It was alleged that outside the Berlin hotel where the party held its inaugural meeting, copies of Junge Freiheit, a weekly that is also popular with the far right, were being handed out. The Rheinische Post pointed out that some AfD members and supporters wrote for the paper. There was also a protest outside the venue of the party's inaugural meeting by Andreas Storr, a National Democratic Party of Germany (NPD) representative in the Landtag of Saxony, as the NPD sees AfD as a rival for Eurosceptic votes.

In 2013, AfD party organizers sent out the message that they are not trying to attract right-wing radicals and toned down rhetoric on their Facebook page following media allegations that it too closely evoked the language of the far right. At that time, AfD checked applicants for membership to exclude far-right and former NPD members who support the anti-euro policy. The former party chairman Bernd Lucke stated that "[t]he applause is coming from the wrong side", regarding praise his party gained from the NPD.
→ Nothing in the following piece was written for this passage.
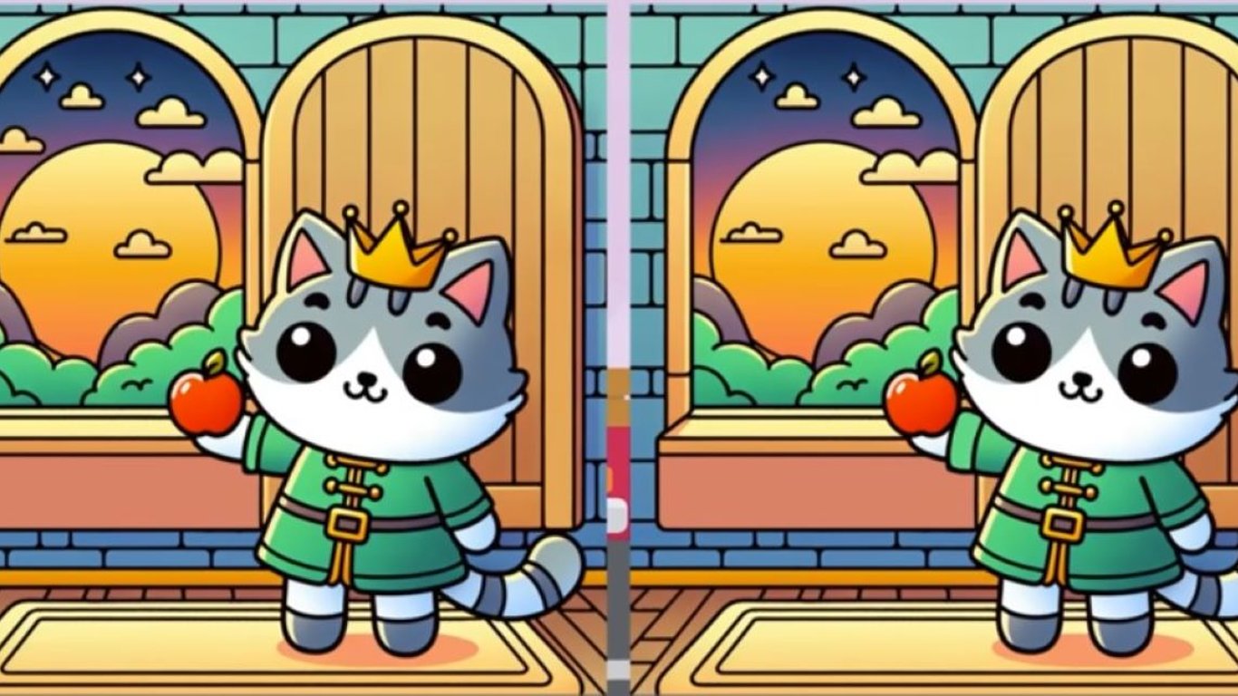 Кумедний котячий король з яблуком у лапах на тлі відкритого вікна замку, за яким сідає Сонце. Порівняйте дві картинки та знайдіть три відмінності.

Members of Alliance 90/Green Party have accused AfD of pandering to xenophobic and nationalistic sentiments. There have been altercations between AfD members and Green Youth members. Following the 2013 federal election, the anti-Islam German Freedom Party unilaterally pledged to support AfD in the 2014 elections and concentrate its efforts on local elections only. Bernd Lucke responded by saying that the German Freedom Party's support was unwanted and sent a letter to AfD party associations recommending a hiring freeze.

Stern reported that among 396 AfD candidates for the 2017 Bundestag, 47 candidates did not distance themselves from right-wing extremism. Although a large proportion of the candidates are not openly racist, some relativize Germany's role in World War II or call for the recognition of a "Cult of Guilt". 30 candidates claimed to tolerate right-wing friends in their profile or were themselves members of groups associated with such people; others said that they mourned the German Reich or used their symbols.
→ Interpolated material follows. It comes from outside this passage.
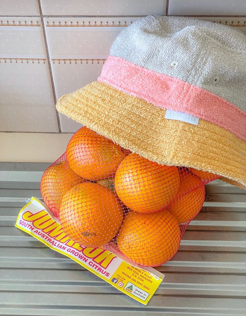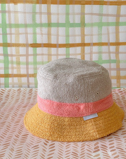 This bucket hat will have you in the sand & "Down to the Earth'. Wick away the summer sweat with a soft absorbent terry bucket.
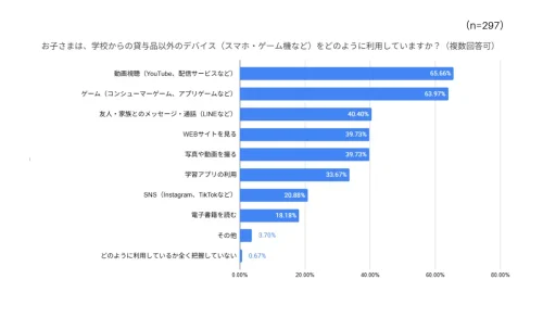 一方で、「学習と関係のない動画を見る」「学習と関係のないゲームやアプリで遊ぶ」という回答も一定数見られた。

In 2018 Tino Chrupalla, the current co-leader of AfD, gave an interview to holocaust denier, antisemite and right-wing extremist Nikolai Nerling, which was uploaded to YouTube. It was staged as having occurred by chance, but an earlier shot in the video reveals Chrupalla waiting in the background. As such, the interview was cited in the 2019 Federal Office for the Protection of the Constitution report on AfD as evidence of the party's "Connections to the framework of a so-called new right or right-wing populist 'resistance milieu'".
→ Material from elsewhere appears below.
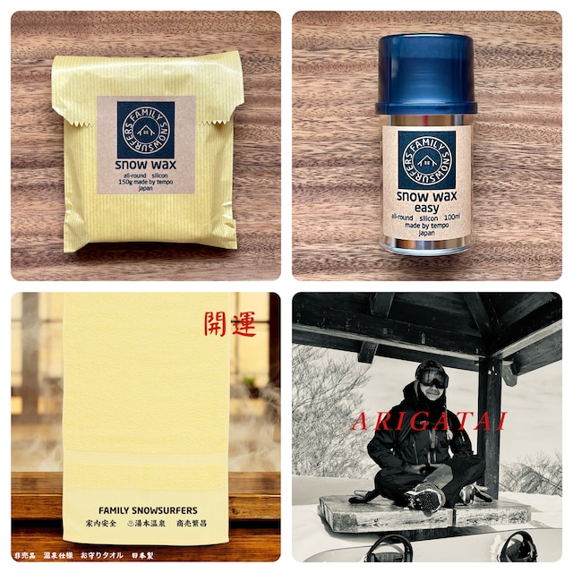 snow wax , snow wax easy の特別セットです FAMILY SNOWSURFERS は皆様のおかげで開業三年が無事に経ちました。とても有難い記念に開運お守りタオルがオマケについた少しお得なセットをご用意いたしました。企画第一弾はシリコン調合魔術師の魂がこもった FAMILY SNOWSURFERS 最初のオリジナルワックス snow wax と、リキッドのシリコン配合ワックス easy のセットです。 開運! 黄金に輝くワックスとタオル!(イエローですけど) きっと良い雪、良い温泉に巡り会えることでしょう! 皆様の健康と安全を願いましてお届けいたします♡ 是非この機会にお試しいただけましたら幸いです snow wax 150g snow wax easy 100ml オマケ 非売品 開運お守りタオル 日本製 温泉仕様200匁 ※ 発送は2月9日以降を予定しています
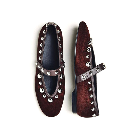 Brown Faux Suede Square-Toe Studded Bridge Strap Flats

On 24 June 2024 it was announced that two parliamentary groups consisting of members of the AfD and Die Heimat (formerly the NPD) had been formed in the Brandenburg town of Lauchhammer and the district of Oberspreewald-Lausitz. In Lauchhammer, the joint parliamentary group will be represented in the town council under the name "AfDplus", while the "Heimat & Zukunft" parliamentary group has been formed in the district council of Oberspreewald-Lausitz. Thomas Gürtler from Die Heimat will play a leading role in both bodies. This development is seen as the first official coalition between AfD and the far-right party Die Heimat. The formation of the parliamentary groups was supported by statements made by AfD chairman Tino Chrupalla, who emphasised that there would be no "firewalls" to other parties at local level.

=== Refugees ===
In 2016 AfD MEP Marcus Pretzell was expelled from the party after he said that German borders should be defended from incursion by refugees "with armed force as a measure of last resort".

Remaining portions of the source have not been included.